Buying politicians is big business in Colombia, especially in the Antioquia province where the “paisas” so far have delivered $129 on every dollar invested in the 2015 elections.
The Electoral Observation Mission (MOE), an NGO investigating election fraud in the South American country, verified how well campaign donors have been doing financially in the municipalities where they bankrolled candidates or political parties.
The results are shocking if you believe Colombia is a democracy, but present an attractive business opportunity if you want to break return on investment (ROI) records without having to worry about competing in a free market economy.

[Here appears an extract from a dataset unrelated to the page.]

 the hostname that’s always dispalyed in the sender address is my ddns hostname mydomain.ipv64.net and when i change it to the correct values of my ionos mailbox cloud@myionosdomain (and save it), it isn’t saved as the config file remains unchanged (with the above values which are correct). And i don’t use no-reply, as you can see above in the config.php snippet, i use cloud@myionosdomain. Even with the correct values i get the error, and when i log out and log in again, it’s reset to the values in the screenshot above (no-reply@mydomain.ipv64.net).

The MOE was unable to obtain financial information in six of Colombia’s 32 provinces, four in the Amazon and two in the Caribbean region.

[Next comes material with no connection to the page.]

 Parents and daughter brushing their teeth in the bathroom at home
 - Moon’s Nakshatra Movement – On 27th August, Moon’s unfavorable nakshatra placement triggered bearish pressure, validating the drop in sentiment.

What the election observers did find was that politicians in Antioquia, Colombia’s second largest economy, received almost three times as much funding as their counterparts in Bogota, the country’s economic heart.

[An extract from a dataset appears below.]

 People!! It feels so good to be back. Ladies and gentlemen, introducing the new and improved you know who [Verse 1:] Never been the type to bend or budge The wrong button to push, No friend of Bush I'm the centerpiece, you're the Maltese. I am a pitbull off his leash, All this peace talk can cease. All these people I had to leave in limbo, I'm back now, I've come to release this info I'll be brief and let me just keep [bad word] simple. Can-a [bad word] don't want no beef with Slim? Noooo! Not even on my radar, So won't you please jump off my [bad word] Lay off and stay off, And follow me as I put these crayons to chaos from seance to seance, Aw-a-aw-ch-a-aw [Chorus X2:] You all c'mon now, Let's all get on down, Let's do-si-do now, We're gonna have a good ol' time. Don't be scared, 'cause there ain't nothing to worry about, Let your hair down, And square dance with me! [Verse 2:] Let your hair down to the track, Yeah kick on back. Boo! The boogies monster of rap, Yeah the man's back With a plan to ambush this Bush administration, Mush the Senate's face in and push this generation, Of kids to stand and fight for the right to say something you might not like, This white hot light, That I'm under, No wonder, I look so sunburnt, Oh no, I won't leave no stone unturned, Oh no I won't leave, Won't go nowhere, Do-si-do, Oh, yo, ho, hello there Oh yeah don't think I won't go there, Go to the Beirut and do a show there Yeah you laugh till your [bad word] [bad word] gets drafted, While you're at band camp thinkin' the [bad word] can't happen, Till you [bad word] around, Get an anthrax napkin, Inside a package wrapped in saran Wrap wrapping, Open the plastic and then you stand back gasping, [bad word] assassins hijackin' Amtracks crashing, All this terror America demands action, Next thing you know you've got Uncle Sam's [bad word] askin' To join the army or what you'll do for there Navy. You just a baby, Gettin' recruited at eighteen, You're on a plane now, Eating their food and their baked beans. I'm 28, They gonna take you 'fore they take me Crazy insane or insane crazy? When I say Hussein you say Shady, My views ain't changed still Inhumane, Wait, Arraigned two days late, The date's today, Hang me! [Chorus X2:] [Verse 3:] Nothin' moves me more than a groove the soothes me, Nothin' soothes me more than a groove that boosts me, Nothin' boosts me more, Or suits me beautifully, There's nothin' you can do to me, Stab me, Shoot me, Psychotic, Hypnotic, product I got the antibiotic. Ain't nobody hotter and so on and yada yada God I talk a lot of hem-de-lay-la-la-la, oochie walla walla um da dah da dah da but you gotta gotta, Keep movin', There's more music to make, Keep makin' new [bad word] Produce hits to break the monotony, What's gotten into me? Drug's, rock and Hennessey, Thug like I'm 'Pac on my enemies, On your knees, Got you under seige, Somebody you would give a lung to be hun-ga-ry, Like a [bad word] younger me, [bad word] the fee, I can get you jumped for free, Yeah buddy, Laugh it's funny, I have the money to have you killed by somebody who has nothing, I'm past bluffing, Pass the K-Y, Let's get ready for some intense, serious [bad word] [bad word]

While obtaining public contracts after sponsoring candidates isn’t necessarily done through illegal means, the MOE found that contractors in more than half of the cases had violated electoral law by contributing more than allowed.
The electoral observers based their report only on the statistics provided by the country’s electoral council CNE, excluding campaign contributions from informal economies, organized crime or illegal armed groups.
Download the MOE report (Spanish)
Most profitable provinces based on 2015 elections
Buying elections: a $27 million business
The 485 companies that sponsored political campaigns in Colombia’s 2015 local elections on average made $38.54 on the dollar through public contracts granted by the mayors they sponsored.
In Antioquia, Colombia’s most corrupt province by far, the 103 campaign donors who gave $210 thousand to local politicians walked away with $27.2 million in projects financed by municipalities.
The province has suffered devastating financial setbacks due to poorly executed public works like the Ituango hydro-electric dam and the tunnel connecting province capital Medellin with the northeast of the province.
Everybody’s doing it
Nationally, campaign sponsors invested almost $1.4 million and were rewarded $53.7 million in government contracts.
ROI on Colombia’s 2015 local elections
According to the election observers, politicians’ sponsors obtained public contracts primarily through the winning candidate they had sponsored, through governors influencing municipal spending and through the apparent promotion of contractors by financed mayors in neighboring municipalities.
Corporate sponsoring of local and regional political campaigns increased 17% between the 2011 and the 2015 elections, the electoral observers said.
According to the MOE, it had surrendered its findings to the country’s Prosecutor General’s Office, and financial and fiscal watchdogs.
Colombia’s next round of local and regional elections is held next year.